Kral Selman, nihayet iki gün önce Cumhurbaşkanı Erdoğan'ı aradı ve "Hiçbir güç, kardeş ülke Türkiye ile aramızı bozamaz" açıklamasında bulundu.
Suudi Arabistan'ın, Kaşıkçı olayının başından bu yana diplomatik yollara başvurmuyor olması hem acemilikti hem de esas muhatabı ıskalamaktı.
Ne var ki Kral Selman'ın "hiçbir güç"ten kastını anlamak zor. Dışarıdan bir güç, bu cinayeti işlemedi. Olay, Suudi Arabistan Konsolosluğu'nda ve konsolosun rezidansında gerçekleşti. Suud kardeşlerimiz kusura bakmasın ama Kaşıkçı ile aynı saatlerde konsolosluk binasında bulunan 15 Suudi yetkilinin de 18 saatliğine İstanbul'a turistik amaçla geldiğine inanmak imkânsız.
Bu olayın arkasında pragmatik ve soğukkanlı bir yönetici olan Kral Selman gerçekten olmayabilir. Fakat kendi özel koruma ekibinden üç askeri gönderen Veliaht Prens Muhammed bin Selman için aynısını düşünmek zor. Zira ilk günden beri muhaliflerini ezmek için pek çok yolu denedi. Kadınların araba kullanmasına "izin" verip aynı zamanda bu hak için uğraşmış kadın aktivistleri hapse tıktıran Veliaht, Kanada bu hususta tivit attı diye diplomatlarını çekip, orda okuyan binlerce Suudi öğrenciyi geri çağırıp yaptırım uygulamaya kalkan birisi.

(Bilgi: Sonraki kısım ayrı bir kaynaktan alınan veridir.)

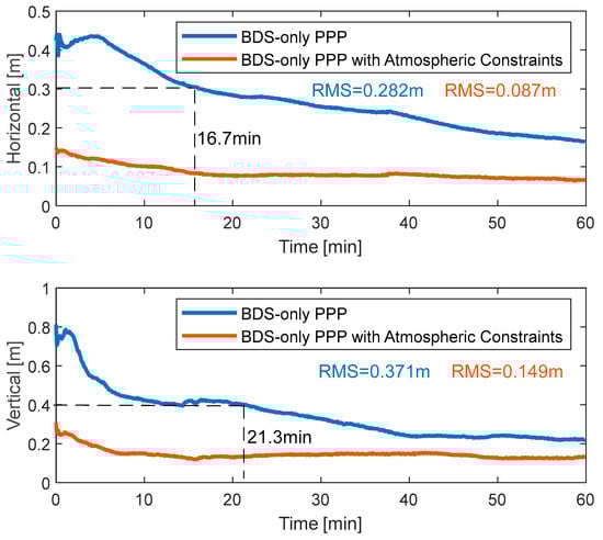 By integrating the results from all 24 arcs of the day, the average positioning results are shown in Figure 10. A similar trend is observed: after applying atmospheric constraints, the convergence performance in both the horizontal and vertical directions was significantly improved. Using thresholds of 30 cm for horizontal and 40 cm for vertical accuracy [35,36], the standard single-system BDS-3 PPP-B2b required an average convergence time of approximately 16.7 min and 21.3 min, respectively. In contrast, with atmospheric constraints, the convergence thresholds were met from the first epoch, and subsequent epochs maintained continuous and stable positioning results. Within the 1 h arc, the horizontal and vertical positioning accuracy of single-system BDS-3 PPP-B2b improved from (0.282, 0.371) m to (0.087, 0.149) m, representing improvements of 69.3% and 59.9%, respectively.

Veliaht Prens'in Türkiye'ye karşı da özel bir husumet beslediği düşünülüyor.
Zira açıktan bu hususta konuşmasa da ablukaya karşı Katar'a verdiğimiz destek ve İhvan'ı terör unsuru değil, Arap dünyasının demokratik bir unsuru olarak görmemizin hoşuna gitmediğini biliyoruz. Dahası, martta Veliaht olarak ilk yurtdışı gezisini Mısır'a yapan Prens, basına sızdığı kadarıyla gazetecilere yaptığı konuşmada, Türkiye'nin Katar ve İran ile birlikte "şeytan üçgeni"ni oluşturduğunu ve "Erdoğan'ın yönettiği Osmanlılar, Müslüman Kardeşler'i de kullanarak halifeliği yeniden getirmek istiyor" demiş...
Veliaht Prens'in, Trump'ın Siyonist damadı Kushner ile birlikte, "Filistin-İsrail Barış Planı" yaptığı ve buna göre Kudüs'ün İsrail'in başkenti olarak tanınması, Hamas'ın ekarte edilmesi ve Abu Dis şehrinin Filistin'in başkenti olması konularında anlaştıkları da basına yansımıştı.
Dosyanın detaylarına bakıldığında, şimdiye dek aldığı hızlı ve umarsız kararlarla tanıdığımız Veliaht Prens'in Kaşıkçı cinayetinde de dahli olmadığına inanmak oldukça güç. Suudi Arabistan'ın bu hususta açıklık getirmesi gereken pek çok nokta var. Karanlıkta kalması demek, bu gölgenin kısa vadede hepimizin üzerine çökmesi anlamına gelecektir.